Finalmente, se publicó la breve novela en uno de los números de la revista Mito,
de Jorge Gaitán Durán, en 1958. Y tres años después en 1961, apareció la
primera edición en libro. La hizo el librero-editor antioqueño Alberto Aguirre.
Hay una anécdota que puede resultar interesante para algunos y que yo he
contado en alguna parte, en no sé qué escrito. Cuando García Márquez, en París,
en 1957, estaba escribiendo “El coronel no tiene quien le escriba”, recibí en
Bogotá una carta suya. Me pedía que le consiguiera un memorando de alguien
que supiera de gallos, que le explicara las distintas razas y sus propiedades,
cómo funcionaban las galleras, en fin el mayor número de informaciones
concretas sobre el asunto.
La única persona amiga mía que sabía de gallos de pelea, cuyos gallos además
yo conocía por haberlos visto en su preparación y en sus peleas pues tenía
“cuerda” en Soledad, era Quique Scoppell. Pero estaba en Cuba, en La Habana, a
donde se había ido a vivir.

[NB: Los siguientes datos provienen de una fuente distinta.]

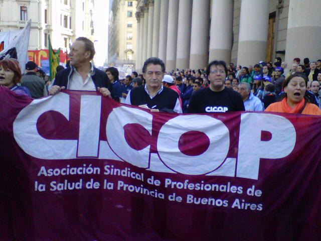 Dirigentes de CICOP y FESPROSA participaron de la movilización convocada en reclamo de la derogación al impuesto al salario y los topes en las asignaciones familiares. Estas banderas, junto al 82% móvil, las paritarias sin techo y la plena libertad sindical, han sido banderas históricas de la Federación y del gremio de la provincia de Buenas Aires.
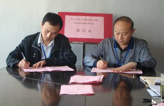 此外,夏總還與相關領導簽訂了《加強和改進企業作風建設責任書》,要求公司從上至下揚風正氣,堅決杜絕“推諉扯皮不作為、交辦工作拖拉甚至久拖不辦、紀律松懈自由散漫、甘于現狀不思進取、不講奉獻個人主義、工作不力”六大作風弊端。嚴格遵守宿遷市機關作風 “六條禁令”等內容,嚴格執行各項管理制度,加強自身建設,推動行風工作。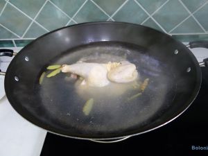 水烧沸腾,丢几片姜,放鸡下去大火煮。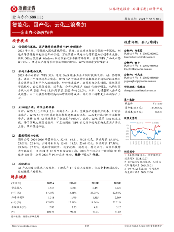 【浙商证券】【20241210】金山办公深度报告:智能化、国产化、云化三浪叠加-17页 行业研究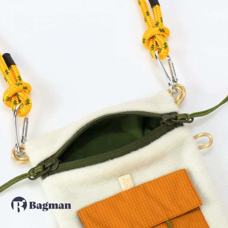 Сумка складається з одного головного відділення, всередині якого є кріплення для ключів. Внутрішня підкладка зроблена з ріпстопу. Застібається сумка двосторонньою блискавкою. Ззаду і спереду є додаткові кишені. У сумку поміститься телефон і документи, готівка та картки, серветки, ключі, а збоку можна прикріпити сонцезахисні окуляри.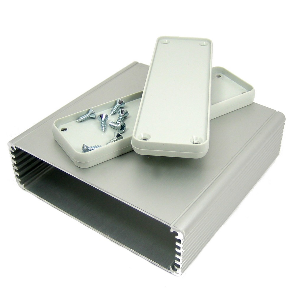 Корпус алюмюмініевий, анодований, з пластиковими кришками, розміри (ДхШхВ): 100х103х30,5 мм. Колір кришок: сірий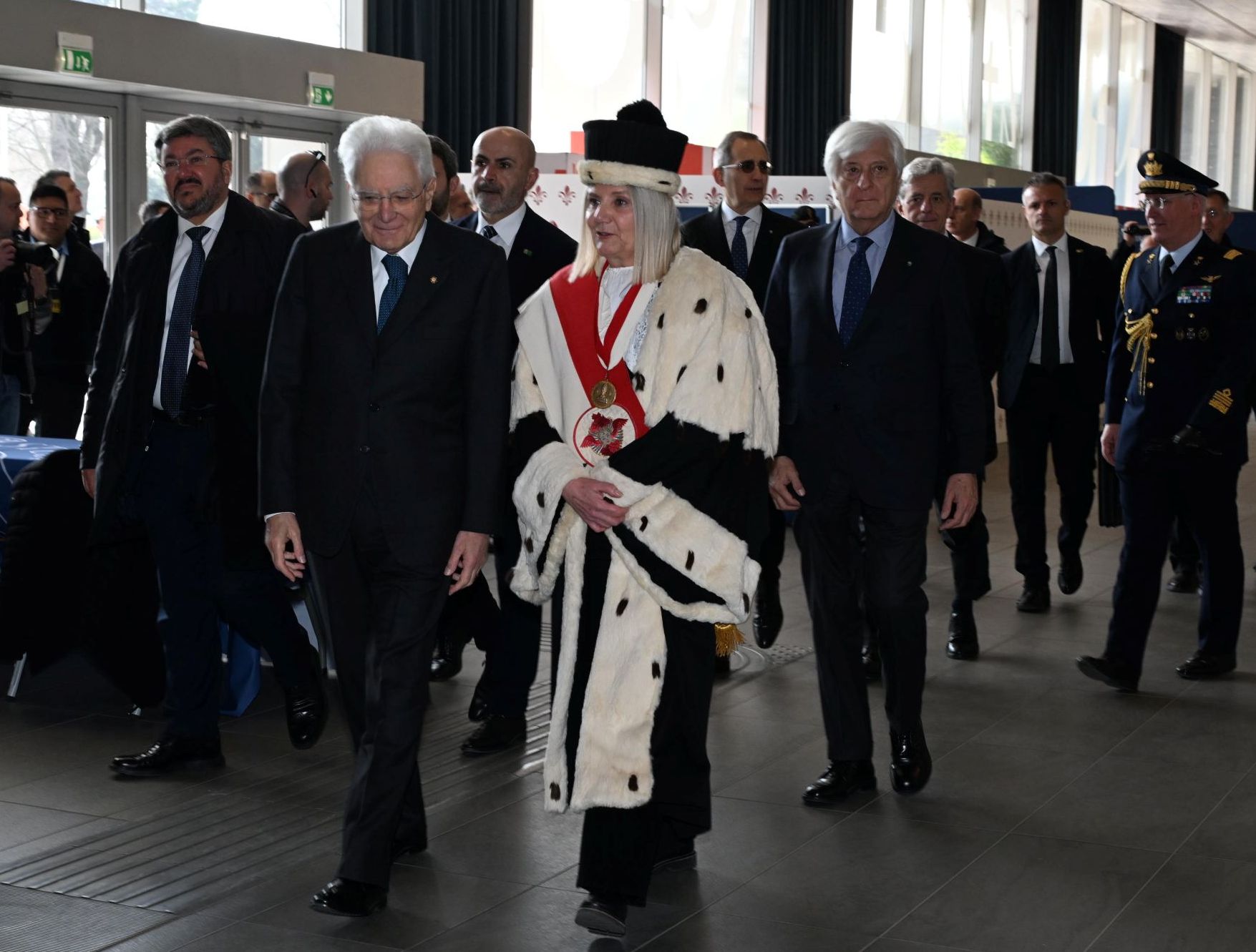 Durante la cerimonia, aperta dall'inno italiano e dall'inno europeo eseguiti dal Coro universitario accompagnato da un quartetto dell'Orchestra dell'Ateneo, sono intervenuti anche il direttore del Dipartimento di Scienze politiche e sociali Alessandro Chiaramonte e il presidente della Scuola di Scienze politiche “Cesare Alfieri” Andrea Lippi. La presidente del corso di laurea in Politica, Istituzioni e Mercato Maria Grazia Pazienza ha pronunciato la laudatio, nella quale ha ricordato che “il Presidente Mattarella ha saputo tenere saldi i valori costituzionali esortando costantemente a coniugare la necessità di decisioni informate e meditate, con il rispetto delle garanzie democratiche e del ruolo del Parlamento, quale sede privilegiata del confronto e della costruzione ponderata delle scelte pubbliche”.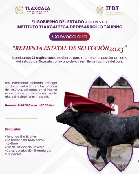Como parte del proyecto “Retienta Estatal de Selección 2023”, el gobierno del estado, a través del Instituto Tlaxcalteca de Desarrollo Taurino (ITDT), realizará una serie de “calas” o pruebas para jóvenes de 13 a 18 años de edad y de esta manera detectar nuevos talentos del toreo.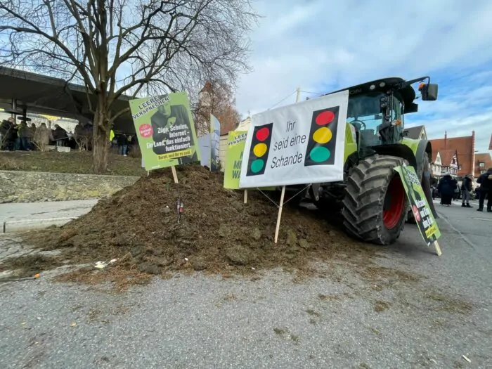 Seit dem Morgen hatten Bauern in Biberach demonstriert und den Verkehr blockiert. Auf den Zufahrtsstraßen zur Stadthalle befanden sich viele Traktoren. Vor der Halle wurde eine große Menge Mist abgeladen. Man konnte lautes Hupen und Musik hören.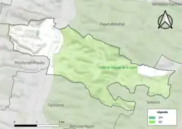 Carte de la ZNIEFF de type 2 sur la commune.
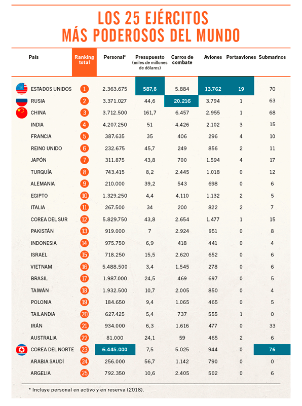 En cuanto a efectivos, al incluir el personal en situación de reserva, Estados Unidos tiene más de 2,4 millones de soldados, pero es superado por Corea del Norte (con un total de 6,4 millones de efectivos en un país de 25 millones de personas), Corea del Sur (5,8 millones de efectivos), Vietnam (5,5 millones), India (4,2 millones), China (3,7 millones) y Rusia (3,4 millones).6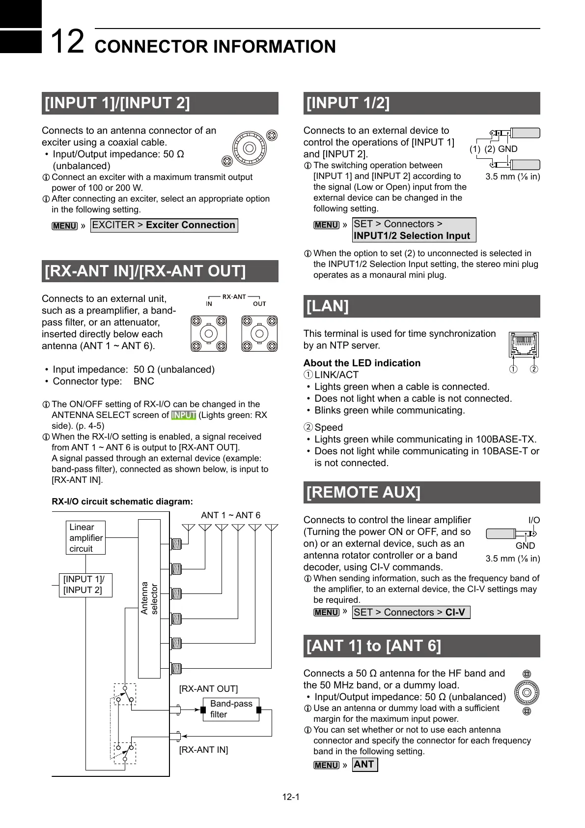 from ANT 1 ~ ANT 6 is output to [RX-ANT OUT].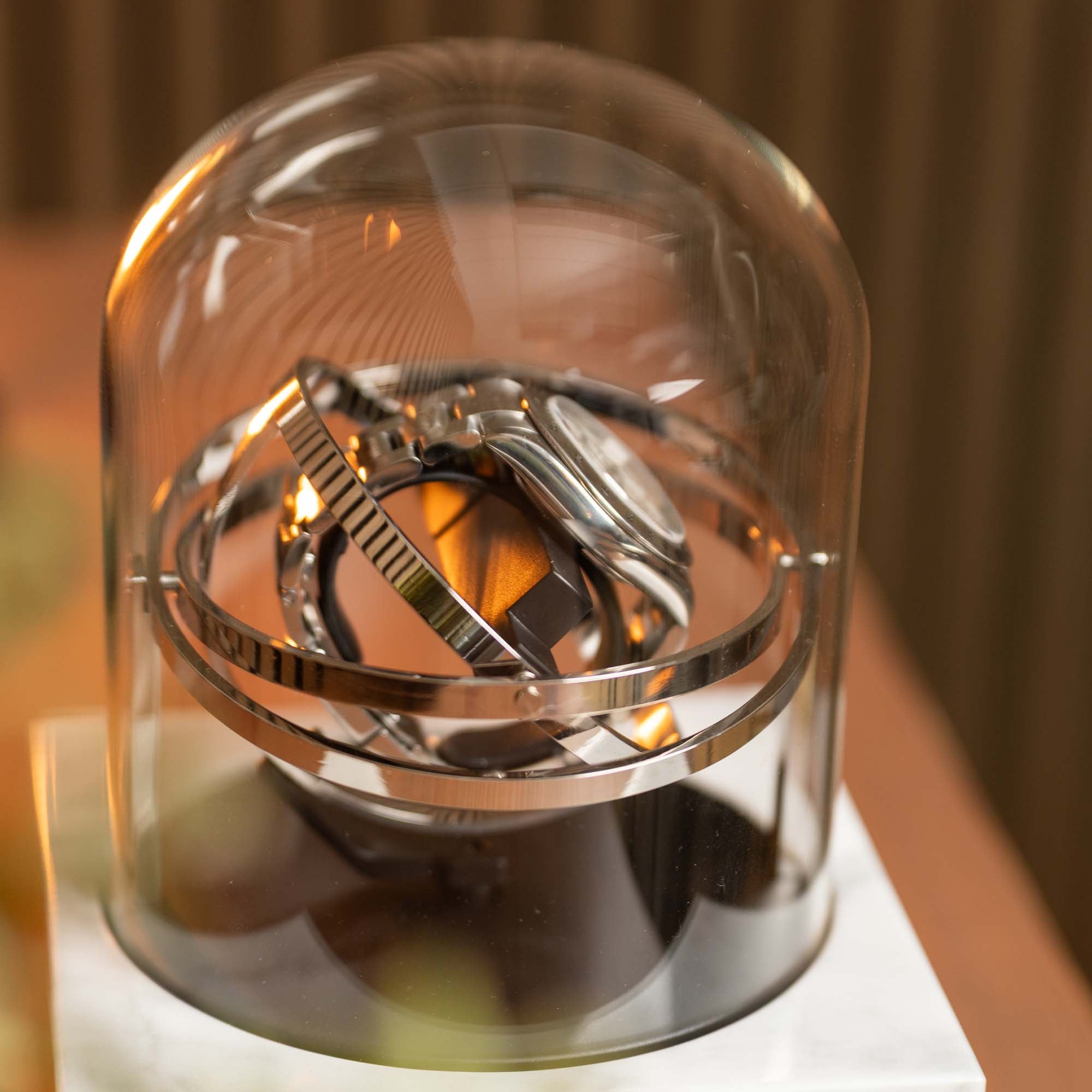 Designed for watch collectors, the winder gently simulates natural wrist movement using a gyroscopic inspired motion - ensuring your automatic watch stays perfectly wound and ready to wear. The rotating cradle floats effortlessly within concentric rings, offering a mesmerizing kinetic display while being a modern art piece. Perfect as a gift or centerpiece for any watch lover’s collection.
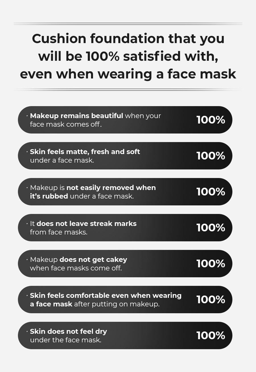 Skin fit coverage of LUXURY NO.1* Cushion Foundation Improved new BLACK CUSHION FOUNDATION with more comforting soft satin finish *Beaute Research’s report on the sales amount of prestige cushion category from Korean department stores, boutiques and e-commerce channels between 2021 and 2023 A thin layer of 24-hour lasting lightweight blurry coverage Skin Fit Cover technology allows a weightlessly thin coverage that seamlessly blends in with the skin without clumping over pores and imperfections and ensures that makeup stays looking clean for up to 24 hours 24-hour lasting skin imperfections cover 24-hour lasting pore cover 24-hour lasting skin texture cover + Make-up resistant effect Soft satin look that’s feeling like a second skin, not heavy and yet lasting for long hours Refining Pigment, featuring clear quality and high purity, creates a bright and clean look from the very first touch and keeps it lasting for a long time Comforting and non-drying texture with 24 hours of hydration The skincare base infused with Flower Extract makes the skin more beautiful with each application 24-hour lasting hydration Improvement in the skin’s oil and moisture levels after two weeks of use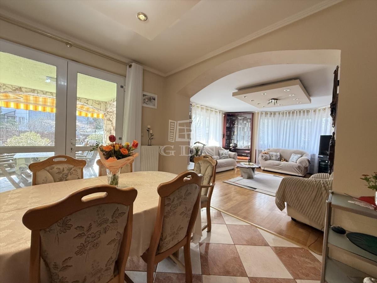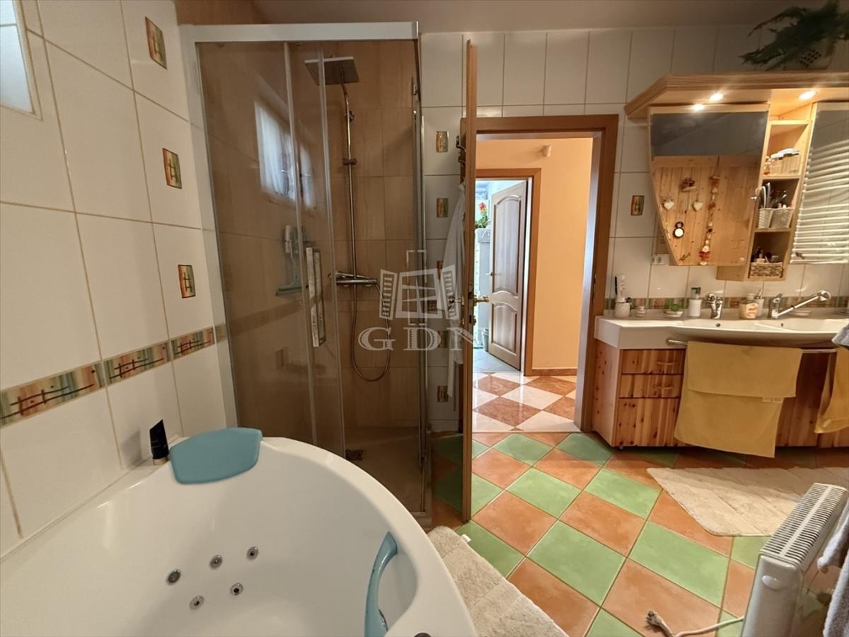 Földszint : Az előtér a ház központi terébe nyílik, a bejárati ajtótól jobbra egy- akár külön választható lakrészként- 1 hálószoba, előszoba, fürdő wc-vel helyezkedik el, közvetlen bejutással a minden funkcióval felszerelt konyhába. a bejárati ajtótól balra van a garázs (külön bejárattal), és az előszobából balra egy kamra. a bejárati ajtóval szemben az előszobából az étkezőbe jutunk, itt található még a földszinten egy tágas világos nappali, 1 gardrób, egy fürdő wc-vel, szaunával, háztartásihelyiség, vendég wc, és egy hálószoba.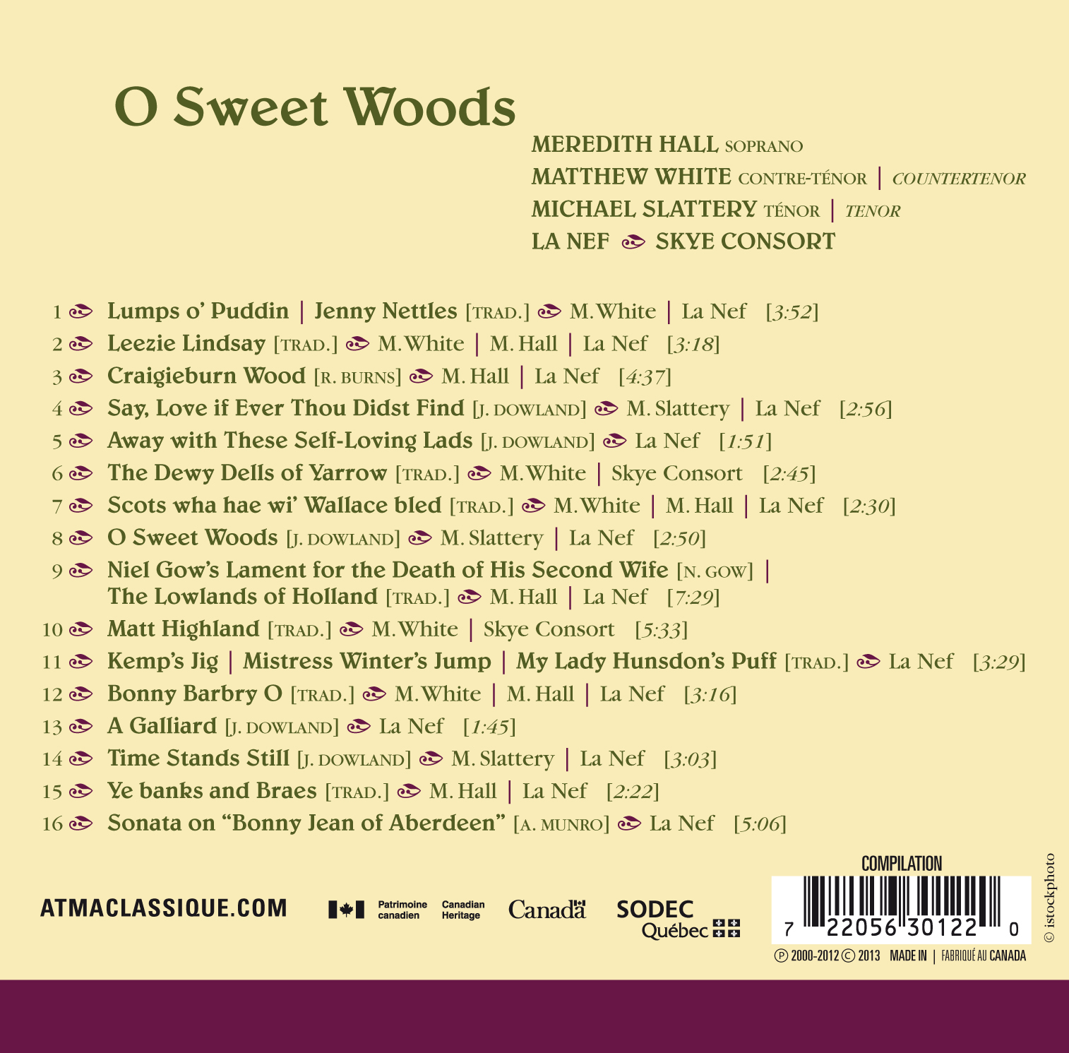 The Scottish and Irish airs and instrumental pieces chosen for this new sampler were selected from previous ATMA recordings by singers Meredith Hall, Matthew White, and Michael Slattery, along with ensembles La Nef and Skye Consort.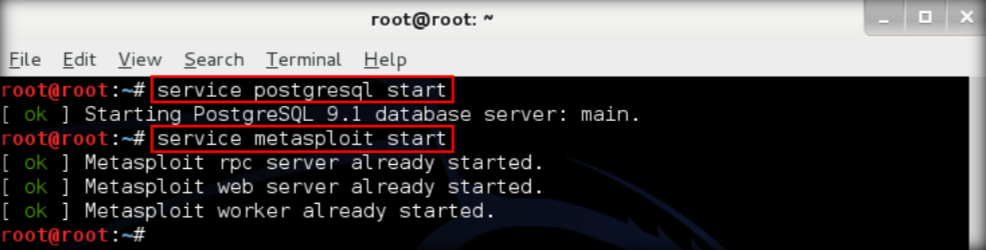 2. After you ensure that the port is open, begin the SYN flooding on the victim. Launch msfconsole, but first start postgresql and metasploit services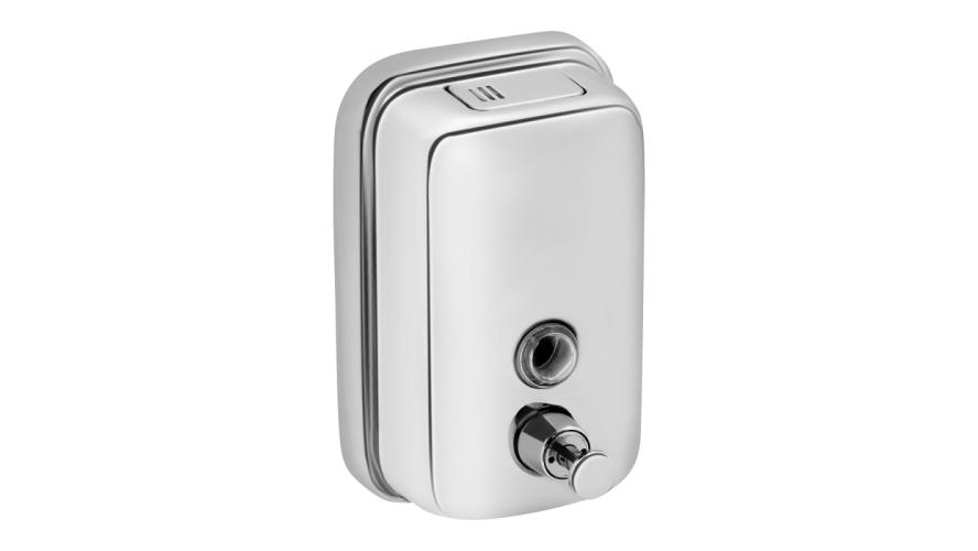 Дозатор оснащен индикатором, что позволяет своевременно отслеживать уровень наполненности дозатора. В верхней части устройства расположен лючок для наполнения мылом."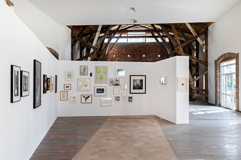 Für die Porträt-Ausstellung ist eine der beiden Scheunen durch den Einbau einer schräg angeordneten Stellwand zu einer richtigen Kunsthalle geworden. An der Wand sind kleinere und größere Formate in Gruppen mit Petersburger Hängung angeordnet.

Le escribí a Quique y la respuesta fue todo un tratado
sobre gallos sumamente interesante y completo, que cometí la estupidez de
empacar y remitir de inmediato al novelista a París, sin haber tenido la
precaución de sacar siquiera una copia. Supe que le fue de mucha utilidad para
ambientarse y para ambientar su novela. Pero yo perdí lo que estoy seguro
hubiera sido un estupendo libro, de gran éxito, además, entre los galleros.